Obviously, in 2010, ladies don't need hats, gloves, comb cases, and lipstick cases. However, I do think that there is something to be said for neat and attractive handbag and shoe combinations, as well as a tidy interior of one's bag. Personally, as a busy mother of little ones, I have chosen to stick with one color of shoe and bag to simplify things (I simply don't have time to rotate bags and shoes every morning before we start our day). I love that my tan/brown shoes and handbag (I have a canvas Longchamp tote in brown that I will break out soon) go with the neutral colors in my wardrobe - brown, black, gray, navy, and white. Since they match, my accessories look put together even if I am wearing a denim skirt or jeans and running to the market.

Prior to becoming a wife and mother, I bought a few quality matching handbag accessories (key ring, wallet, and planner) to tidy up my handbag. Five years of daily use later, everything is still in great condition (though I lost my keys and beautiful key ring a year or two ago - I keep hoping they will turn up). I would love to add a few beautiful matching pouches to my handbag to hold the smaller things that jumble up along the bottom.

Of course, we all have different styles and tastes. Many women love fabric floral patterned purses, leather ones, diaper bags, or even totes for the things that they need to haul around on a daily basis. Any of these choices can be classy and elegant. I think that the deciding factor in accessory elegance is whether one chooses something that fits their taste, lifestyle, and wardrobe choices. In addition, an effort needs to be made to keep ones shoes and bag clean, neat, and in good condition.

I'd love to hear your thoughts on the subject! I find it so interesting to hear your perspective!

Outside Time...

.:Hopscotch:.

.:Bikes:.

.:Digging and Raking:.

.:Birdseed - Good for the birds and great for pretend planting:.

We were finally feeling well enough to make it outside today.
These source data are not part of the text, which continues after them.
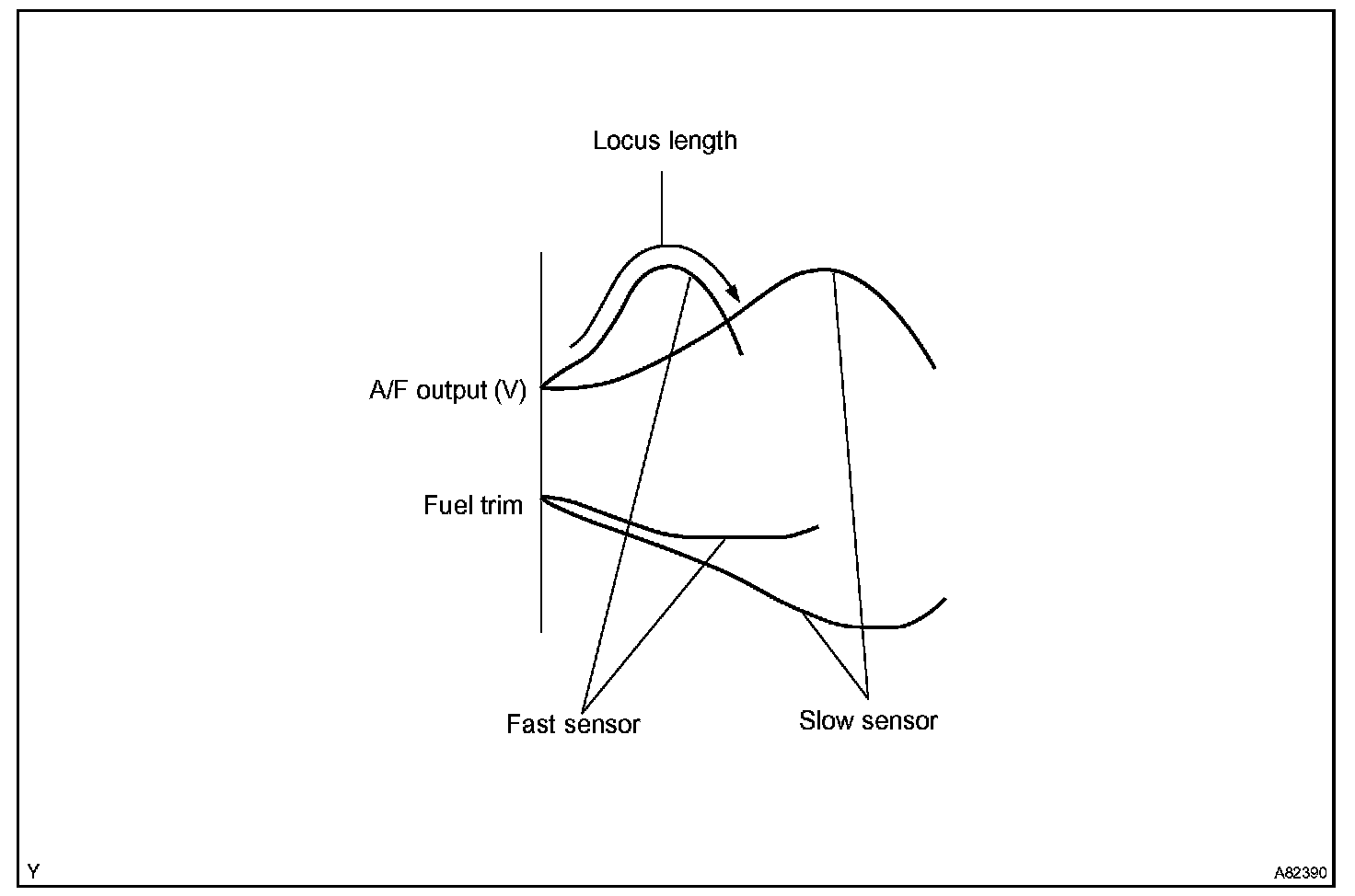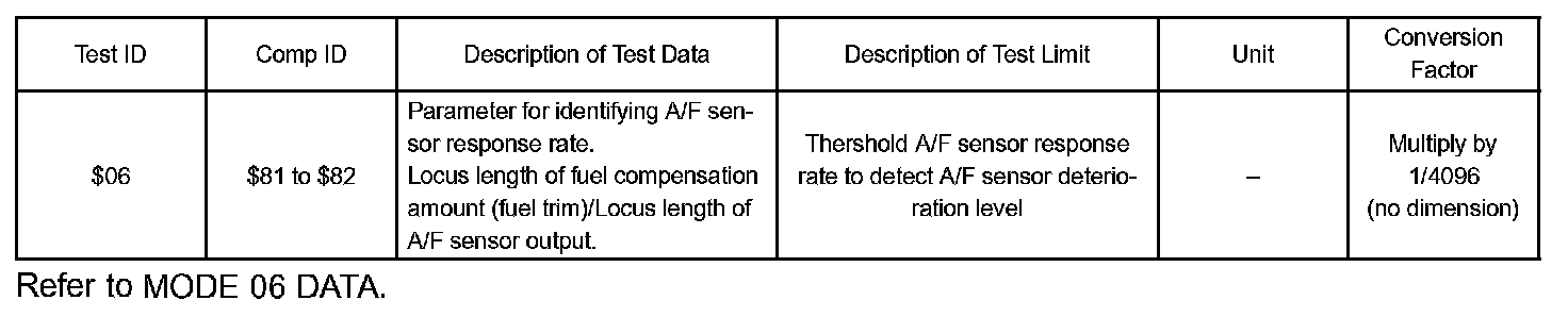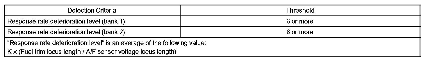 The air fuel ratio (A/F) sensor has a characteristic that it varies its voltage output in proportion to the air-fuel ratio. Based on the voltage output variation, the ECM judges the air-fuel ratio RICH or LEAN to adjust it close to the stoichiometric air-fuel ratio. The ECM observes variation in the A/F sensor voltage output and compares the compensation. Value of fuel injection volume (Fuel Trim) with it to detect deterioration in response of the A/F sensor itself. Normally, the voltage output of the sensor sharply fluctuates in accordance with rapid variation in the air-fuel ratio. This voltage output variation is represented as locus length. When the response rate has deteriorated, the locus length becomes shorter as the voltage output fluctuation is comparatively slow and small. The ECM concludes that there is a malfunction in the A/F sensor when the locus length is short and the response rate has deteriorated.
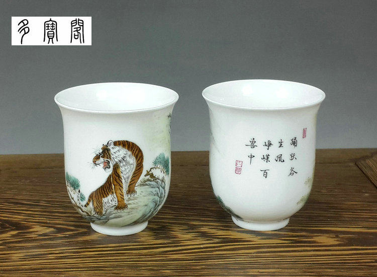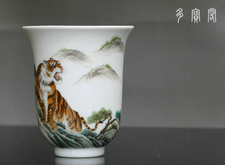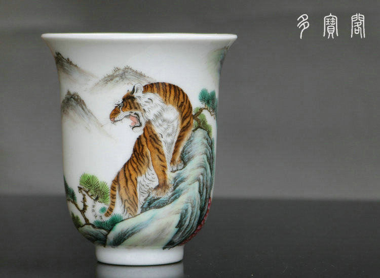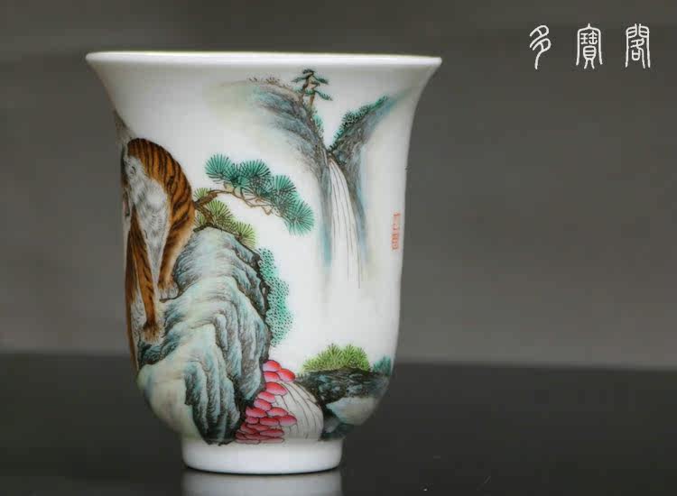 名 稱:粉彩老虎圖金鐘杯
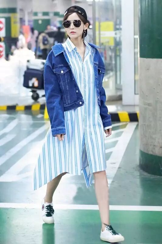 再看时尚女王杨幂,这短裙,小编都超想要,经典迷彩款搭配平版灰T,太棒了~完全是拿着行李要回学校开始新学期啊~
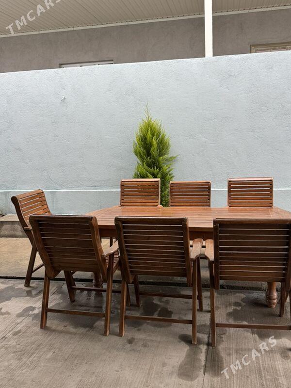 şu wagtStol stul 6 adamlyk.Razmeri uzynlygy 150sm ini 85sm gelýändir.İsleg...
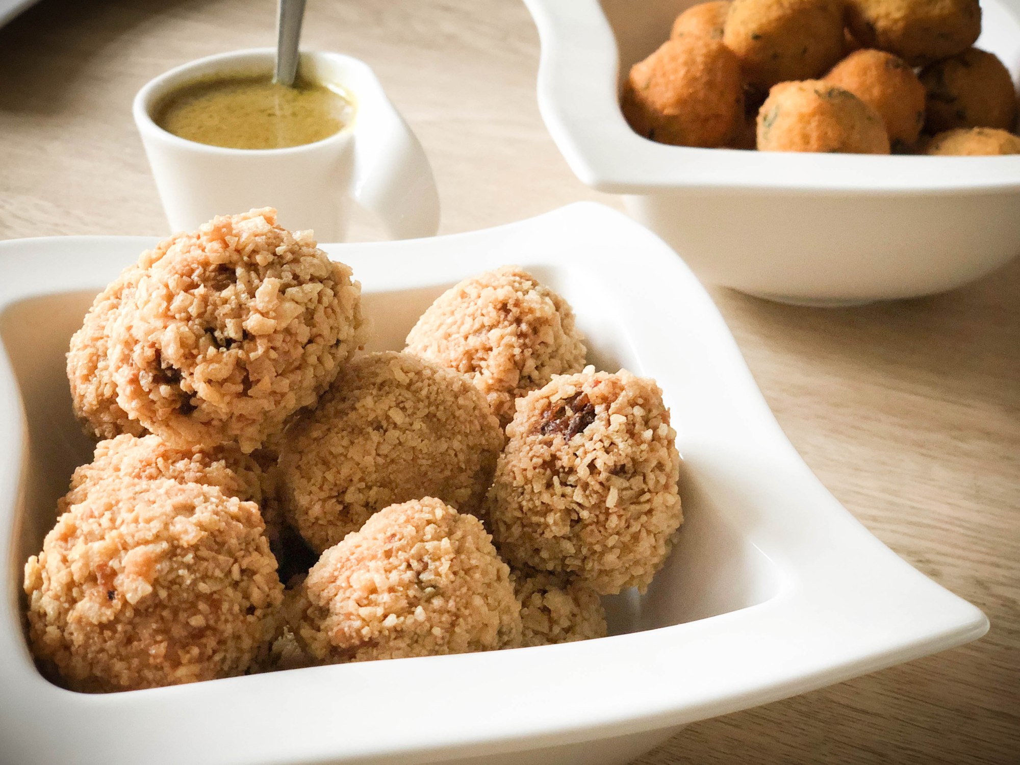 When you are ready to cook. Heat a few inches of sunflower oil to about 180c and fry the balls a few at a time until golden and crisp. You can place the balls on an oven tray and keep them warm in an oven set to about 70c until all the balls are fried.
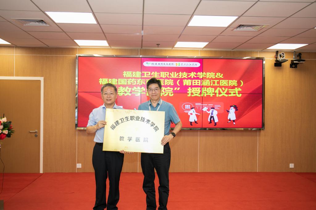 7月12日上午,副校長(zhǎng)陳貞健帶領(lǐng)藥學(xué)院副院長(zhǎng)肖健、醫(yī)學(xué)技術(shù)系黨總支副書記林燕、醫(yī)學(xué)系馬清璇副教授、實(shí)習(xí)實(shí)訓(xùn)中心卞祖安科長(zhǎng)一行5人赴莆田涵江醫(yī)院舉行教學(xué)醫(yī)院授牌儀式。莆田涵江醫(yī)院領(lǐng)導(dǎo)班子、職能科室負(fù)責(zé)人以及臨床教師代表出席儀式。

I was nervous about sending feverish, coughing children outdoors, but our doctor was totally relaxed about it ("if it is nice out, they are dressed warmly, and they want to, they can!")... that made for some happy kidlets!

Wednesday, April 14

What I Wore Wednesday...

I usually buy shoes twice a year (sandals and fall/winter ones) and they are mainly junky ones that I grab up at Target. Recently, my dogs have been barking and I found these Born sandals on sale on Amazon. Luckily, they had my size and let me tell you! Quality shoes are going to be first and foremost on my wardrobe shopping list. There is a huge difference! I wore these all day, and my feet feel great... amazing for a new pair of shoes!

Do you shop for quality or quantity when it comes to shoes?

P.S. The white up there is my baby bump!

Tuesday, April 13

The September Issue...

I saw The September Issue dvd in the Redbox machine recently and decided to rent it. It may surprise some of you, but I found it fascinating. For one thing, I like all things New York. For another, I do enjoy the occasional Vogue mag (liberal though it is). As a mom, my style is pretty paired down, but do like fashion (mostly classic pieces, nothing too crazy!) and enjoy shopping and developing my style. I really liked Anna Wintour's look in this documentary - very feminine and British Chic. It was really interesting to me that she could look so feminine, and yet be so condescending and difficult... not attitudes I would attribute to a feminine woman. I thought that she was compensating for a shy personality and at times seemed so sad (possibly because fashion is her life?). I enjoyed the scenes with Grace Coddington, the fashion editor, too!

Have any of you seen it? If you have, I'd love to hear your thoughts.